▸ ASSIGNMENT
Below are records with pictures in them. Transcribe everything from the line containing "Very high magnification" down to the line containing "Mouth of Cloer", exactly, and leave the pictures behind.

▸ EXCERPTED RECORDS
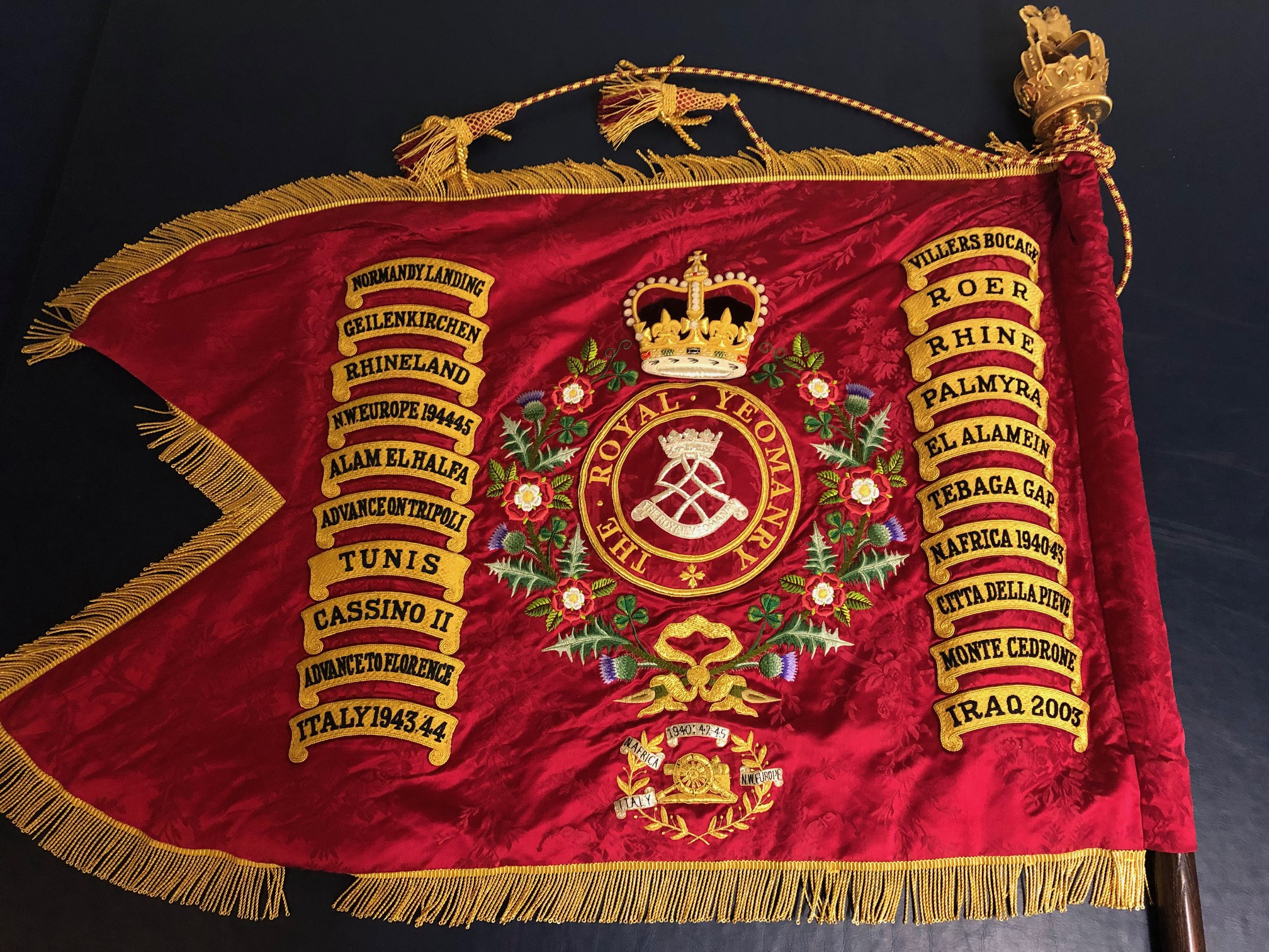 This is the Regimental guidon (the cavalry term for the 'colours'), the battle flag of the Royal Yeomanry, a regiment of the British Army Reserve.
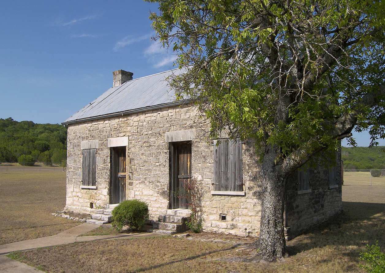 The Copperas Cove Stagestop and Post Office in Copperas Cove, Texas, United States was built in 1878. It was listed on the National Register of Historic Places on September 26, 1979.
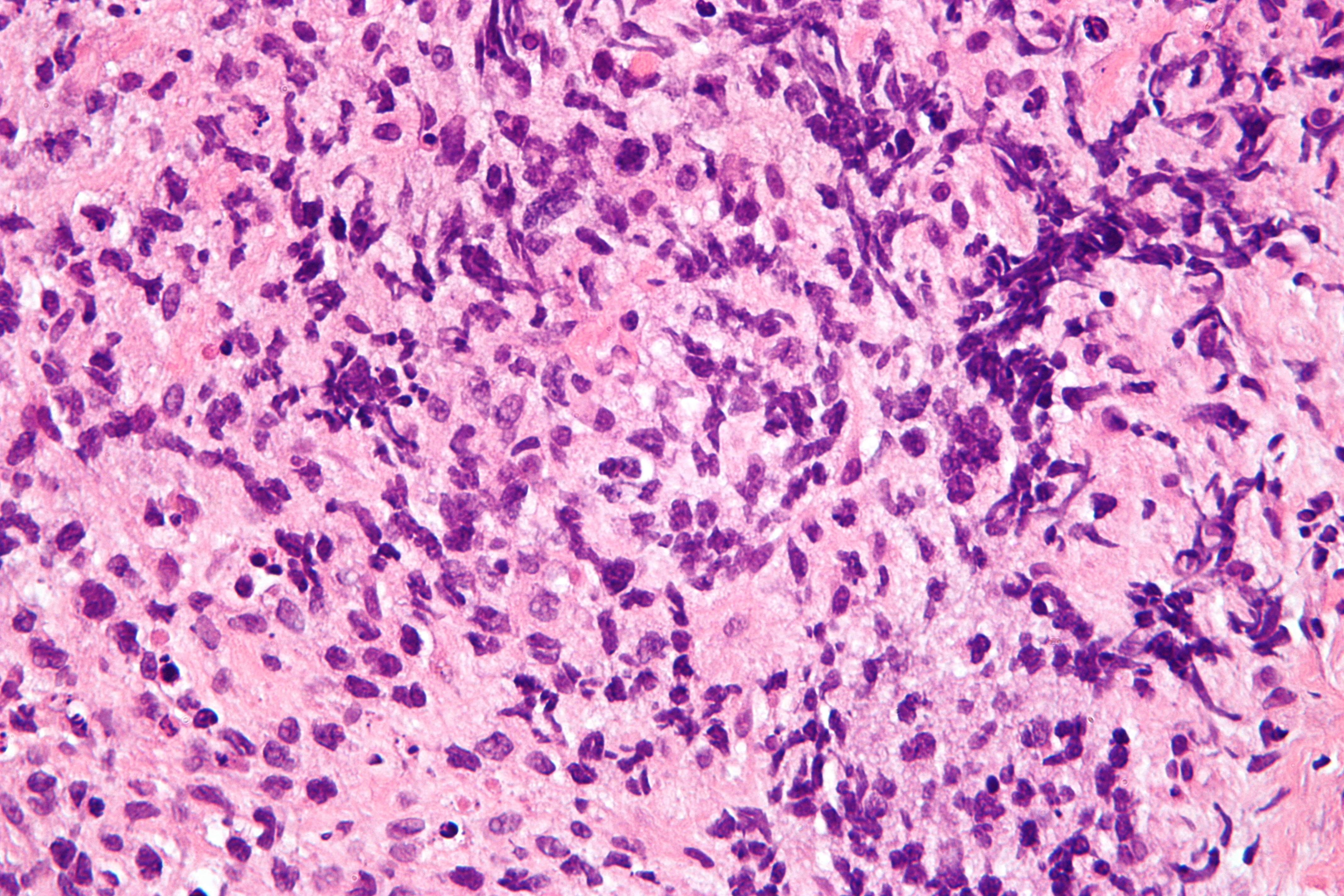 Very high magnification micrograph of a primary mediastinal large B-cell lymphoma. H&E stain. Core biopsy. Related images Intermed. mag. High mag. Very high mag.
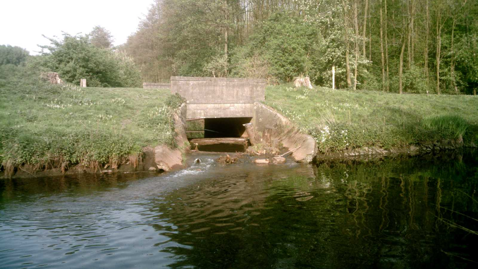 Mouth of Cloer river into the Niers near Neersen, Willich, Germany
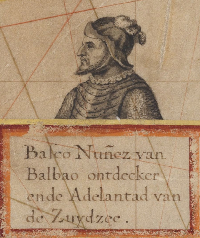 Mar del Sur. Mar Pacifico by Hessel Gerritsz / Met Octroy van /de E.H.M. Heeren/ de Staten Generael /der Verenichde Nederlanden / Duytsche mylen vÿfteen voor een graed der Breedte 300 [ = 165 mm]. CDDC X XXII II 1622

▸ TASK ANSWER
 Very high magnification micrograph of a primary mediastinal large B-cell lymphoma. H&E stain. Core biopsy. Related images Intermed. mag. High mag. Very high mag.
 Mouth of Cloer river into the Niers near Neersen, Willich, Germany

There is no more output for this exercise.